The two major circulating metabolites of abiraterone in human plasma are abiraterone sulfate (inactive) and abiraterone oxynitride sulfate (inactive), each accounting for about 43% of the exposure; in addition, following oral administration of abiraterone acetate, approximately 88% of the radioactive dose was recovered in feces and approximately 5% in urine, with the main compounds present in feces being unchanged abiraterone acetate and abiraterone (approximately 55% and 22% of the administered dose, respectively); from this, it can be inferred that the bioavailability of abiraterone acetate by oral absorption is extremely low, which is also a key factor in the need of 1g for single oral dosage of abiraterone acetate tablet.
At present, researchers can solve the problem by adopting methods of preparing solid dispersion and the like such as polyethylene glycol 4000 or 6000 and the like, but the problems of poor stability and complex preparation process still exist; in addition, a large amount of surfactant is added in the prescription, so that the poorly soluble medicine is dissolved in the micelle, and the dissolution of the medicine is improved by the solubilization of the surfactant, but the safety problem is easily caused by the excessive use amount of the surfactant.

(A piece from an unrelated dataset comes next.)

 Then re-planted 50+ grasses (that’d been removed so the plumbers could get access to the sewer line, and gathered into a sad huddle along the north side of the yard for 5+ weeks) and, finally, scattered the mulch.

CN102743393a discloses a pharmaceutical composition containing abiraterone acetate and a preparation process, the abiraterone acetate and hydrophilic auxiliary materials are crushed according to a proportion, the particle size of the raw material medicine is 10-30 μm, the dissolution rate and bioavailability of the medicine are improved, although the particle size of the raw material medicine is controlled to be smaller, the improvement of the dissolution rate of the medicine is still limited, and the dissolution rate is only 60% in a medium with a surfactant of pH4.5 added for 15 min.

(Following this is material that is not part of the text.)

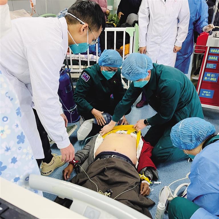 急診科值班醫(yī)生陳勝、副護(hù)士長趙文熠等立即攜搶救車、除顫儀趕赴現(xiàn)場(chǎng),此時(shí),冬某意識(shí)喪失、頸動(dòng)脈搏動(dòng)消失、呼吸極其微弱。見患者病情危及生命,醫(yī)護(hù)人員立即實(shí)施搶救工作。急診醫(yī)護(hù)團(tuán)隊(duì)配合默契,胸外心臟按壓、球囊輔助通氣、建立靜脈通道、靜推腎上腺素、查心電圖、監(jiān)測(cè)生命體征、吸痰……一切有條不紊地進(jìn)行著。隨后,心電圖提示室顫,醫(yī)護(hù)人員立即予以非同步200J電除顫1次,待轉(zhuǎn)運(yùn)床到位后立即轉(zhuǎn)運(yùn)患者至搶救室進(jìn)一步救治,轉(zhuǎn)運(yùn)過程中心肺復(fù)蘇不間斷。

CN103070828A discloses a solid dispersion, tablet and its preparation method, which comprises abiraterone acetate and povidone in the ratio of 1:0.5-4 are dissolved in chloroform, dried under reduced pressure to obtain solid dispersion, the solid dispersion is dispersed in water, micro-powder grinding is carried out, the particle diameter D (0.9) of the ground dispersion is smaller than 75 microns to obtain solution, the solution is added into filler and disintegrating agent which pass through 100 mesh sieve, granulating, drying, adding lubricant, tabletting, although the dissolution rate is improved, the process needs to prepare solid dispersion, chloroform is used as solvent, the workshop safety production and the labor protection of workers are not facilitated, and the dissolution rate is improved to a limited extent, and 73.7% is dissolved in the medium of adding surfactant with ph of 4.5 for 10 min.

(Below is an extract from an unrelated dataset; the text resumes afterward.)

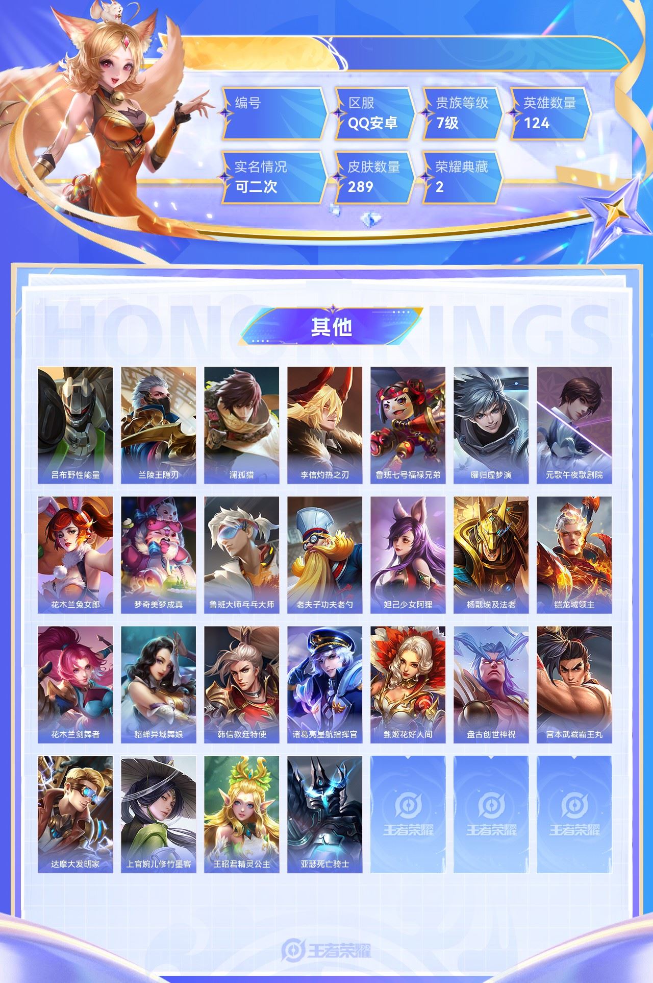 【终身找回包赔】【5级铭文数量0 召唤师等级0 白银Ⅰ 贵族V0】【终身找回包赔】【6QYQIB2AH】典藏2传说11史诗85限定93英雄124皮肤289稀有英雄9贵族7级总场次7852皮肤价值:222720 【荣耀典藏2】花木兰九霄神辉韩信弑枪猎影 【传说皮肤11

CN106913539a discloses an abiraterone acetate sublingual tablet and a preparation method thereof, abiraterone acetate and polyethylene glycol 1000 vitamin E succinate are dissolved in an organic solvent, the organic solvent is removed by decompression and drying, the dried product is mixed with a filler and a disintegrating agent, then a lubricant is added for mixing, tabletting is carried out, although the abiraterone acetate sublingual tablet can be completely dissolved out for 15min, a large amount of organic solvent is still used, the labor protection is not facilitated, the impurity content is obviously increased in the long-term storage process, and the stability is poor.
CN106913537a discloses an abiraterone acetate sublingual tablet and a preparation method thereof, wherein abiraterone acetate and solid acid are heated and melted, and then are granulated on mixed powder of filler, disintegrating agent and adhesive, dried, and then added with lubricant for tabletting, thus improving the dissolution rate of the medicine, but the process is more complex, and the sublingual tablet has higher dissolution requirement and is easy to be influenced by environment in the storage and transportation processes.
CN109125276a discloses a pharmaceutical composition of abiraterone acetate tablet and a preparation method thereof, wherein copovidone and abiraterone acetate are prepared into solid dispersion, and then are prepared into mixture with diluent, adhesive, disintegrating agent and lubricant, and then tabletting is carried out. Although stability is improved to a certain extent, the dissolution rate of the tablet obtained by the preparation method is too low, the dissolution rate is about 25% in a hydrochloric acid solution with the pH of 1.0 for 20min, and the dissolution rate is only about 50% in pure water (0.5% SDS) and needs to be improved.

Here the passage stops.